The Sonex had just departed the airport in Wellington, Fla. One witness reported that during the initial climb the engine “sputtered,” and another reported that it “backfired.”
The pilot made a steep turn back toward the airport, but the airplane stalled and spiraled to the ground. The pilot died in the crash.
The plane was equipped with an electronic flight instrument system that recorded numerous engine and flight parameters. Review of the downloaded data revealed that, initially, the engine was operating normally and within design parameters.
However, toward the end of the recorded data, the No. 1 cylinder head and exhaust gas temperatures had begun to decrease while the other cylinder temperature parameters remained fairly constant. The engine data then recorded a decrease in engine rpm followed by a steep 180° turn toward the airport.
A witness who assisted the pilot with the airplane’s oil change two days earlier stated that the pilot had cross-threaded a spark plug in the No. 1 cylinder and attempted a helicoil repair.
During the examination after the accident, the No. 1 spark plug was easily removed by hand. This was likely the cause of the power loss that preceded the pilot’s attempt to return to the airport.

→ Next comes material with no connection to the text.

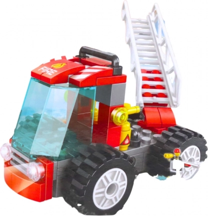 Byggesæt brandbil med bevægelig stige, 67 dele. Kvalitetsplast, kompatibel med andre klodser. Udvikler børns kreativitet og motorik.

The pilot’s steep, 180° turn exceeded the airplane’s critical angle of attack, which resulted in a stall at low altitude and collision with terrain.
The NTSB determined the probable cause as the pilot’s failure to maintain adequate airspeed following a partial loss of engine power during initial climb, which led to the airplane exceeding its critical angle of attack and experiencing an aerodynamic stall. Contributing to the accident was the pilot’s improper repair of a stripped spark plug hole, which led to a partial loss of engine power during initial climb.
NTSB Identification: ERA14FA123
This February 2014 accident report is provided by the National Transportation Safety Board. Published as an educational tool, it is intended to help pilots learn from the misfortunes of others.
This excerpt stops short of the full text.